### Task details
Look through the listing below and write out exactly the lines from the line with "用途変換アダプタ機能付きのカ" to the line with "Schmal geschnittene Hose", both included, and no others.

### Exercise inputs
----------------
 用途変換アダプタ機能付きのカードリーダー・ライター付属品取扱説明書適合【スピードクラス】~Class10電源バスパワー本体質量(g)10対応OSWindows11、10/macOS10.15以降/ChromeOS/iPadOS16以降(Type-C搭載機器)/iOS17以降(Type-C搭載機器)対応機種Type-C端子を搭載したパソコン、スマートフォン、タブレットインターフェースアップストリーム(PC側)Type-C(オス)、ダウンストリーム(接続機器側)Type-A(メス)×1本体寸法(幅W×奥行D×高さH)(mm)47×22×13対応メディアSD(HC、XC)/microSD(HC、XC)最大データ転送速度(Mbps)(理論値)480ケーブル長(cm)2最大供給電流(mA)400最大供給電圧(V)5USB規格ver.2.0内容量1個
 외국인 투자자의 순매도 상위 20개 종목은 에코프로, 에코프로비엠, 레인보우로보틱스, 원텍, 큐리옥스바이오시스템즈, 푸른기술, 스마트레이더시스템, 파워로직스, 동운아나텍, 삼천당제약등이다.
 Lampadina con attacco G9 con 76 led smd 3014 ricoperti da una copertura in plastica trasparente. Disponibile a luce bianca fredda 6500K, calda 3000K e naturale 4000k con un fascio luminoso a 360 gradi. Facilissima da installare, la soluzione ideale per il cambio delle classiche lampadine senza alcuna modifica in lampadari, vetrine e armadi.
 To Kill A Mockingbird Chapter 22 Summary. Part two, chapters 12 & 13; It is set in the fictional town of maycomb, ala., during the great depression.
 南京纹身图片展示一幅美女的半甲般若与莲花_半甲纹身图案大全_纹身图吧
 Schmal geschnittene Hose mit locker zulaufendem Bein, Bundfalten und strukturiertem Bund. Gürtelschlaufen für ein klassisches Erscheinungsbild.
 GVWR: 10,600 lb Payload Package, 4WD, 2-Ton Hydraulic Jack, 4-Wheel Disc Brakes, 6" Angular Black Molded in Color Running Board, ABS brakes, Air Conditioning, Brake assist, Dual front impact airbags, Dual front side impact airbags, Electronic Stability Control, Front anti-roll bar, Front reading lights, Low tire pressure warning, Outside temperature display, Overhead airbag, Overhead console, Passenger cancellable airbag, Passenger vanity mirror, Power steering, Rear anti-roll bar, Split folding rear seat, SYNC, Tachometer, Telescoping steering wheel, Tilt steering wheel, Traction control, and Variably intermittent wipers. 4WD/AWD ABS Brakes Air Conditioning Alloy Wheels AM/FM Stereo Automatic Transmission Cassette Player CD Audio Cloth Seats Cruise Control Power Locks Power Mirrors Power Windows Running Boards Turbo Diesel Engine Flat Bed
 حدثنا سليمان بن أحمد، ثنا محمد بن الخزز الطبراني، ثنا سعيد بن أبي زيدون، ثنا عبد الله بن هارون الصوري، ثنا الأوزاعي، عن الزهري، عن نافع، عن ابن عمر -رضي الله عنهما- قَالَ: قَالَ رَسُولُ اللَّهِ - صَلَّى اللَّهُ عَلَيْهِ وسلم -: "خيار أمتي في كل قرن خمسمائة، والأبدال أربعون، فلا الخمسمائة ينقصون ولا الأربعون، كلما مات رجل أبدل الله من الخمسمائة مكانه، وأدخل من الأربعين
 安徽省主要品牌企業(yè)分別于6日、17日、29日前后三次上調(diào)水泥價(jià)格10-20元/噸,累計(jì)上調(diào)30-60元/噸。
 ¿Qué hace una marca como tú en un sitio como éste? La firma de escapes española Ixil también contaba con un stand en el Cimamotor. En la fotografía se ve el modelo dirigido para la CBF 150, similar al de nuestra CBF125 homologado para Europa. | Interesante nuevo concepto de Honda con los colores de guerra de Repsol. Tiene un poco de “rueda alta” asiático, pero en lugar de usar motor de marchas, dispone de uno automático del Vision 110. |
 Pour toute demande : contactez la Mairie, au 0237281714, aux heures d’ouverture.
----------------
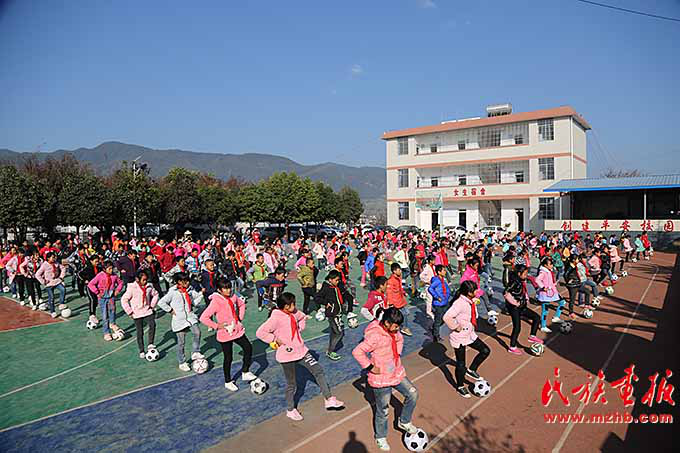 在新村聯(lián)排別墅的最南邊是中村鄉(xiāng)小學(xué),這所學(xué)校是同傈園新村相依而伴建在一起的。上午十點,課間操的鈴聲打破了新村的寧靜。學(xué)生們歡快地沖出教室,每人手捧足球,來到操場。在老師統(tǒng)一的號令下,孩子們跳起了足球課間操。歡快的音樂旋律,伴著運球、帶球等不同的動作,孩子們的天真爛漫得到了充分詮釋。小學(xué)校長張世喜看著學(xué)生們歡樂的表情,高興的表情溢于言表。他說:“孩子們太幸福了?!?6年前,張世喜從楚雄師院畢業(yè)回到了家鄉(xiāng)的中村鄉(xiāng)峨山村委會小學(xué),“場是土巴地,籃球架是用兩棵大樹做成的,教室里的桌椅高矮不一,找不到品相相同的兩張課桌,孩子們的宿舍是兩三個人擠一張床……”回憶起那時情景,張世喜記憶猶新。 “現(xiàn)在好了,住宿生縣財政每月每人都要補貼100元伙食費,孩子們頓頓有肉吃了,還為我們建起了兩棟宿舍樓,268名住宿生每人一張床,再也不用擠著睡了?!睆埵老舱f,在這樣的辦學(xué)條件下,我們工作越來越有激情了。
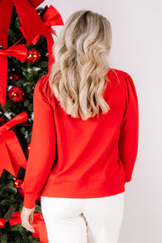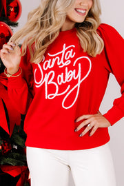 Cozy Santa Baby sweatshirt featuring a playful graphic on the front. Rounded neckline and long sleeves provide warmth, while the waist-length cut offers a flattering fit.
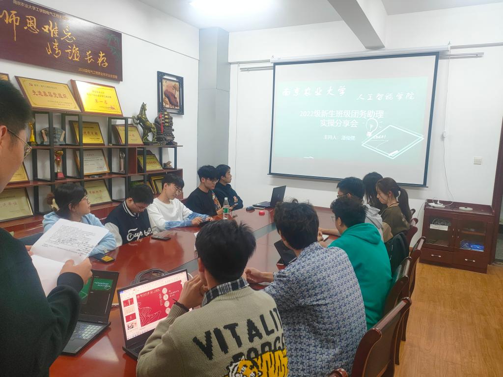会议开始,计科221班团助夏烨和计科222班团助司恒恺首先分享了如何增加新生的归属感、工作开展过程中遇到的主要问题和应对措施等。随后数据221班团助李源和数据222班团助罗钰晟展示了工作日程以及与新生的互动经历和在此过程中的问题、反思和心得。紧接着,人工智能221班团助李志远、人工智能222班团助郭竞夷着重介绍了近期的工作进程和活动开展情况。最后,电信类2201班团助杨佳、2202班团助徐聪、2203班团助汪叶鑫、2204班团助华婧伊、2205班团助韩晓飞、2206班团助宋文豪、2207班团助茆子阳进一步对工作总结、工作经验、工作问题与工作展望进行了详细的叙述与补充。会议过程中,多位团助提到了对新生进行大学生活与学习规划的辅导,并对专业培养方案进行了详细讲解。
----------------
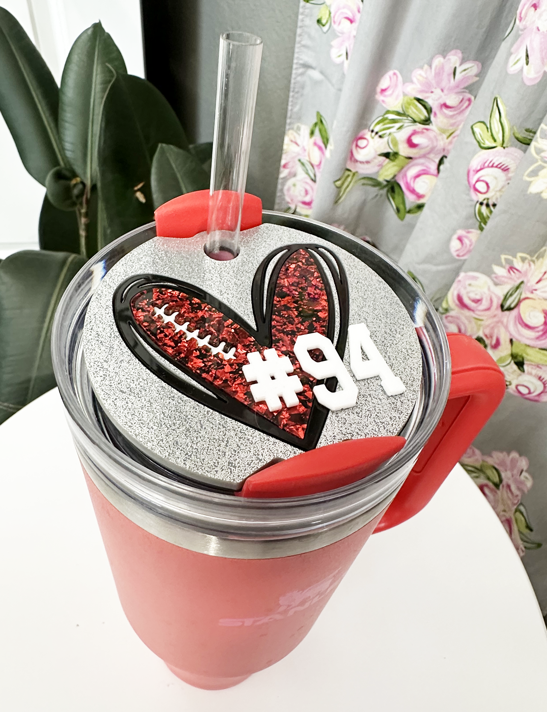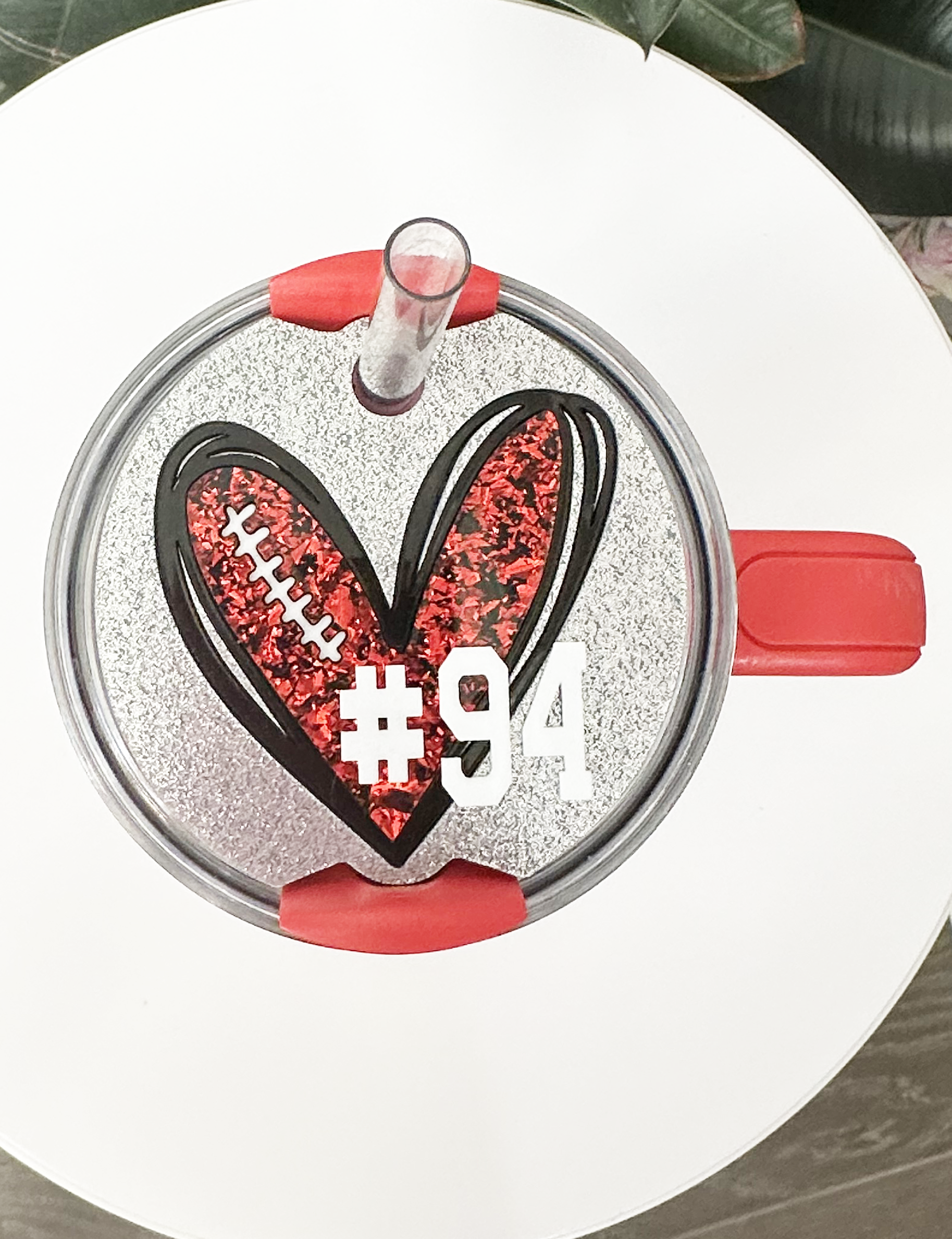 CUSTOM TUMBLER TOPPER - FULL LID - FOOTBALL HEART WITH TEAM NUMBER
----------------
### Answer to this exercise
 用途変換アダプタ機能付きのカードリーダー・ライター付属品取扱説明書適合【スピードクラス】~Class10電源バスパワー本体質量(g)10対応OSWindows11、10/macOS10.15以降/ChromeOS/iPadOS16以降(Type-C搭載機器)/iOS17以降(Type-C搭載機器)対応機種Type-C端子を搭載したパソコン、スマートフォン、タブレットインターフェースアップストリーム(PC側)Type-C(オス)、ダウンストリーム(接続機器側)Type-A(メス)×1本体寸法(幅W×奥行D×高さH)(mm)47×22×13対応メディアSD(HC、XC)/microSD(HC、XC)最大データ転送速度(Mbps)(理論値)480ケーブル長(cm)2最大供給電流(mA)400最大供給電圧(V)5USB規格ver.2.0内容量1個
 외국인 투자자의 순매도 상위 20개 종목은 에코프로, 에코프로비엠, 레인보우로보틱스, 원텍, 큐리옥스바이오시스템즈, 푸른기술, 스마트레이더시스템, 파워로직스, 동운아나텍, 삼천당제약등이다.
 Lampadina con attacco G9 con 76 led smd 3014 ricoperti da una copertura in plastica trasparente. Disponibile a luce bianca fredda 6500K, calda 3000K e naturale 4000k con un fascio luminoso a 360 gradi. Facilissima da installare, la soluzione ideale per il cambio delle classiche lampadine senza alcuna modifica in lampadari, vetrine e armadi.
 To Kill A Mockingbird Chapter 22 Summary. Part two, chapters 12 & 13; It is set in the fictional town of maycomb, ala., during the great depression.
 南京纹身图片展示一幅美女的半甲般若与莲花_半甲纹身图案大全_纹身图吧
 Schmal geschnittene Hose mit locker zulaufendem Bein, Bundfalten und strukturiertem Bund. Gürtelschlaufen für ein klassisches Erscheinungsbild.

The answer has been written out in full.